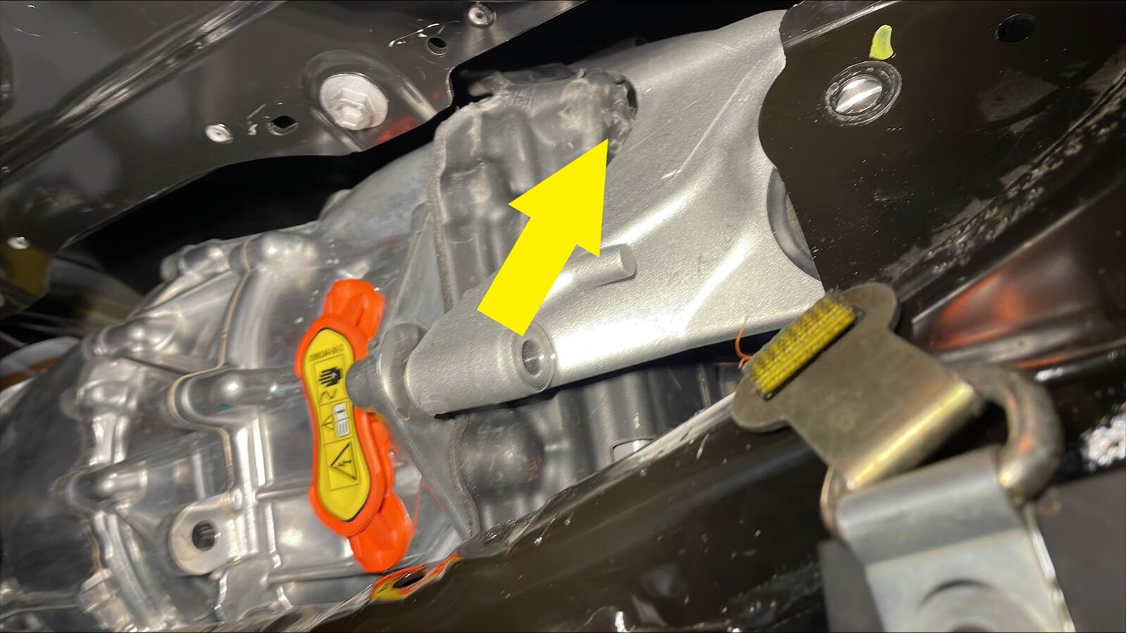 - Remove the small bolts (x2) that attach the RH shear plate to the HV battery.
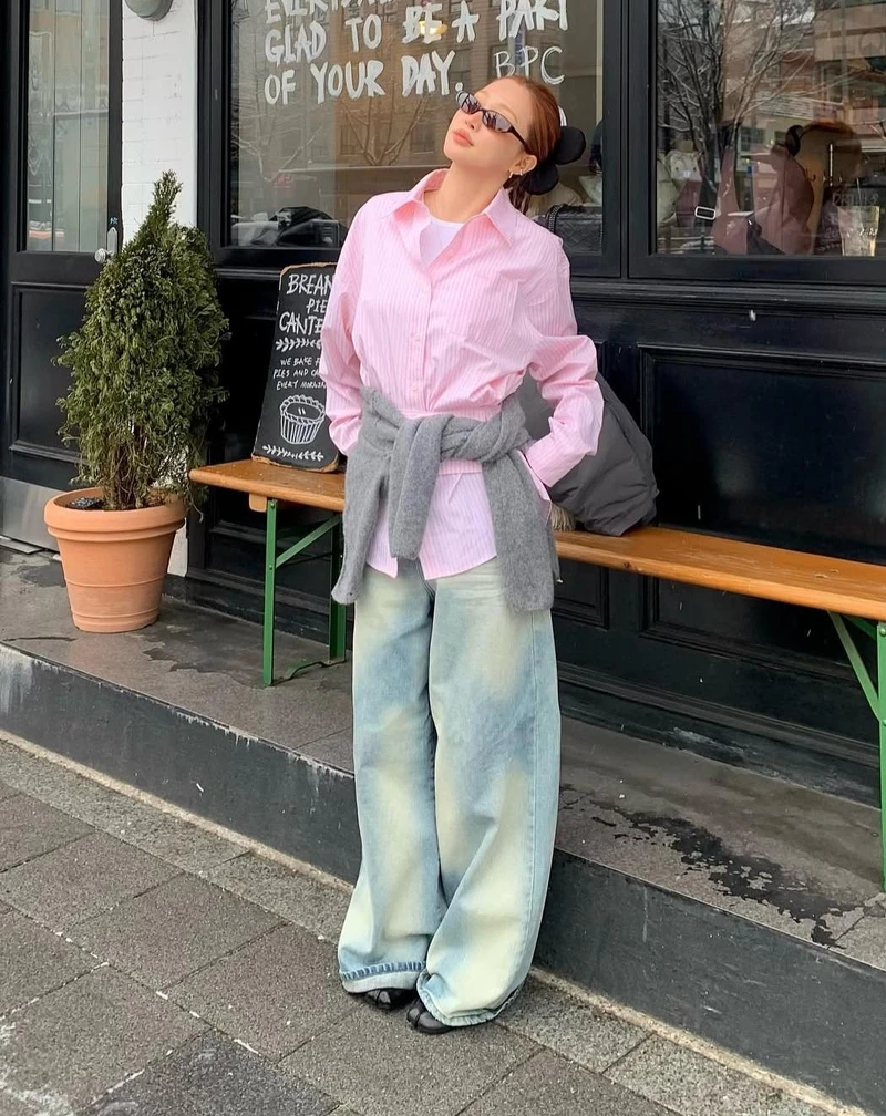 1. 原色/深藍色牛仔褲:搭配襯衫的知性穿搭
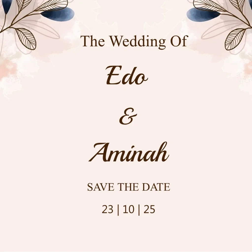 The Wedding Of Edo & Aminah Kpd Yth. Bpk/Ibu/Saudara/i Tamu Undangan Buka Undangan The Wedding of Edo & Aminah 00Hari 00Jam 00Menit 00Detik Kamis, 23 Oktober 2025 Save The Date Di antara tanda-tanda (kebesaran)-Nya ialah bahwa Dia menciptakan pasangan-pasangan untukmu dari (jenis) dirimu sendiri agar kamu merasa tenteram kepadanya. Dia menjadikan di antaramu […]
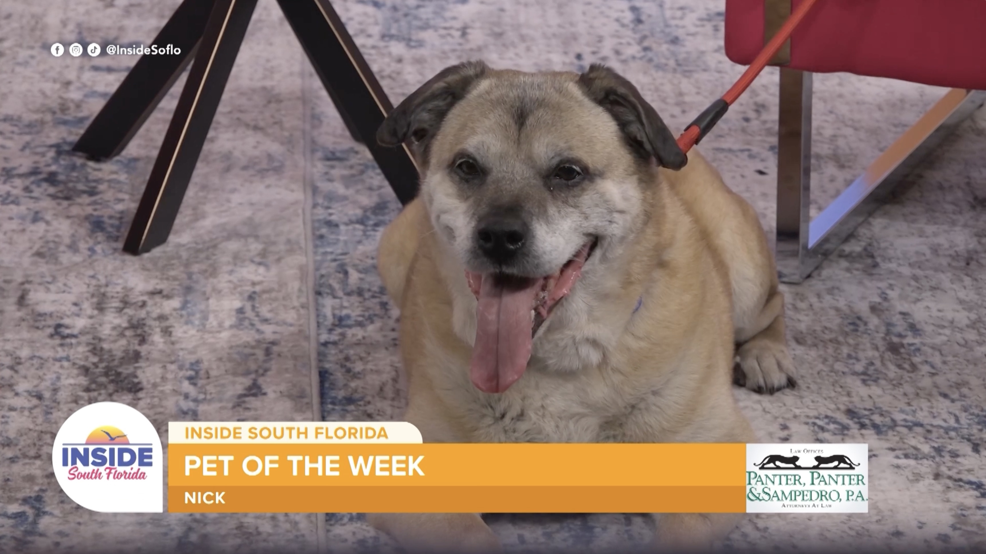 Nick, estimated to be about 7 years old, joined Inside South Florida as Pet of the Week, sponsored by Panther and San Pedro, alongside Humane Society Broward County representative Cherie Wachter. He made himself right at home on set — sniffing around, finding the cool tile floor, and charming everyone in the studio with his curly tail and gentle demeanor.
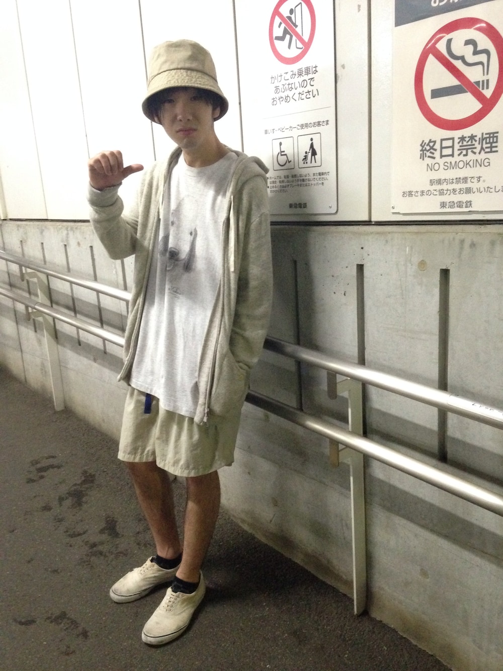 バケットハット/ used/ valon パーカー/ cash ca Tシャツ/ used/ mecha ナイロンショーツ/ used/ iroha くつ/ yasumn
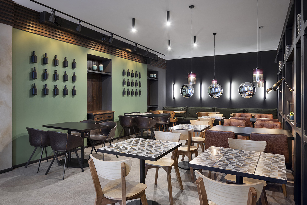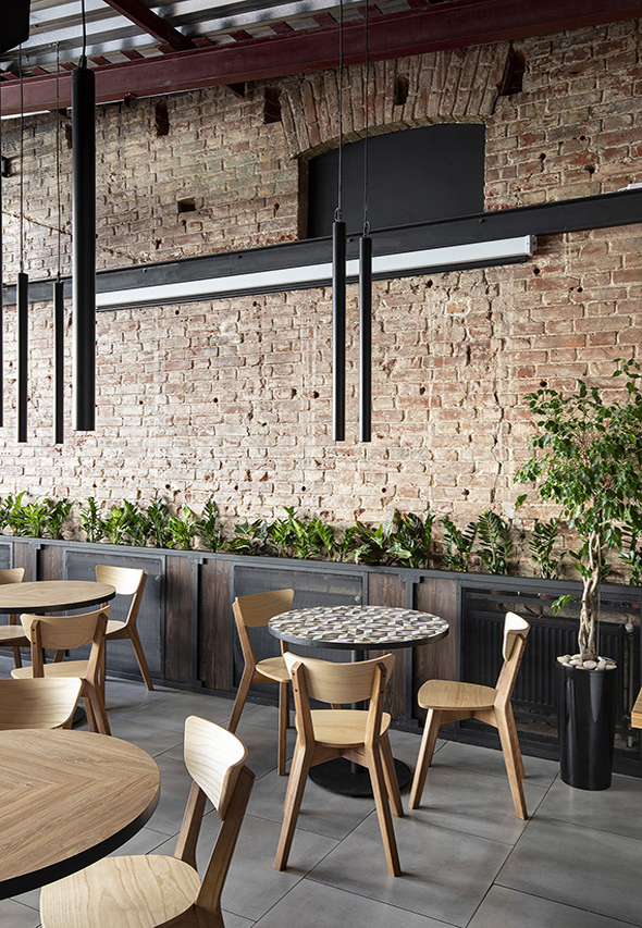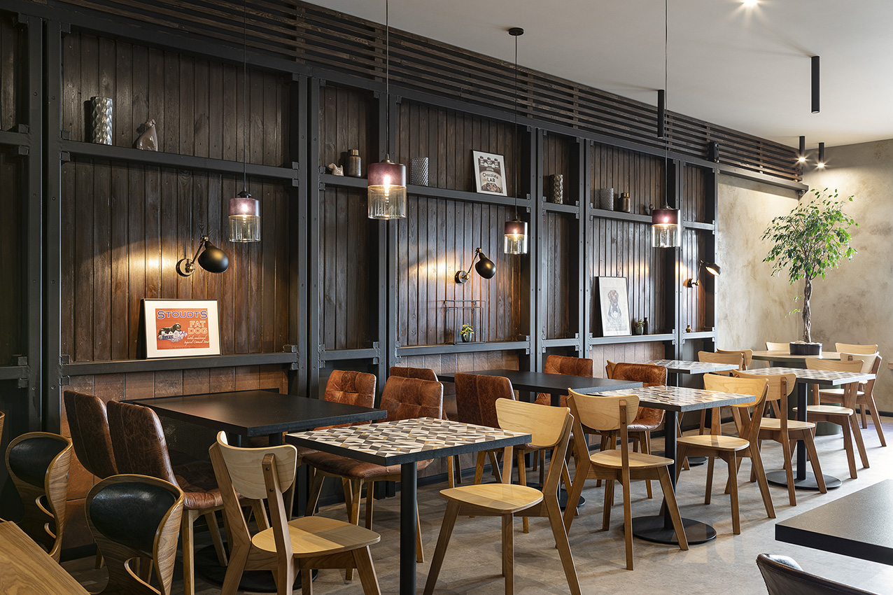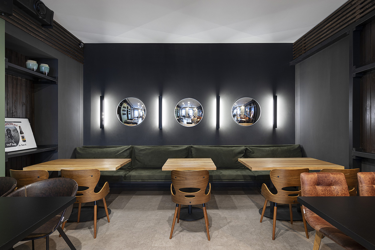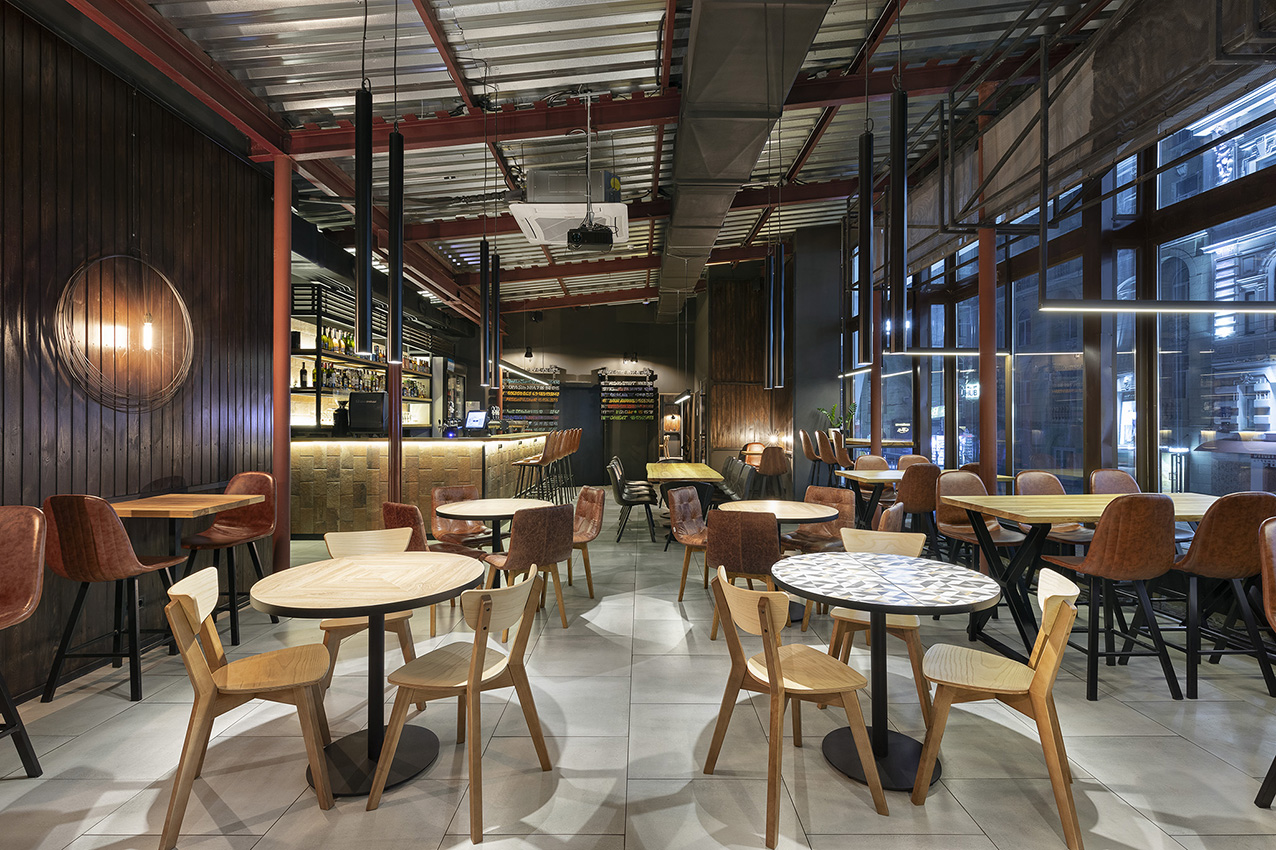 The planning decision involves the allocation of the following zones: a functional kitchen, two pub halls, a VIP hall, a utility room for a keg room, and a space for bathrooms. The main idea of the space is the bar counter, which has become a bright accent of the pub's interior. Getting into the first hall, it is impossible not to notice the bar counter with seating along it, a large number of beer taps and accent light. The bar counter divides the room into two functional zones - a dining area, and an auxiliary one - a kitchen, a keg room and bathrooms. Between the two halls there is a VIP hall for 10 people. The second hall is a competent interior of the pub - soft, sofa seating, communal tables for companies and tables for two and four. The "heart" of the DAF pub is stored in the keg - beer. A huge number of kegs are placed here, and for ease of operation and connection of kegs to taps, at the construction stage, a pipe system was laid in the floor between the bar and the utility room.

== GOAL OF THE EXERCISE ==
Excerpt from the records above: set down only the lines from the one that contains "Nick, estimated to" through the one that contains "バケットハット/ used/ valon", inclusive, word for word. Pictures stay out.

== EXERCISE RESPONSE ==
 Nick, estimated to be about 7 years old, joined Inside South Florida as Pet of the Week, sponsored by Panther and San Pedro, alongside Humane Society Broward County representative Cherie Wachter. He made himself right at home on set — sniffing around, finding the cool tile floor, and charming everyone in the studio with his curly tail and gentle demeanor.
 バケットハット/ used/ valon パーカー/ cash ca Tシャツ/ used/ mecha ナイロンショーツ/ used/ iroha くつ/ yasumn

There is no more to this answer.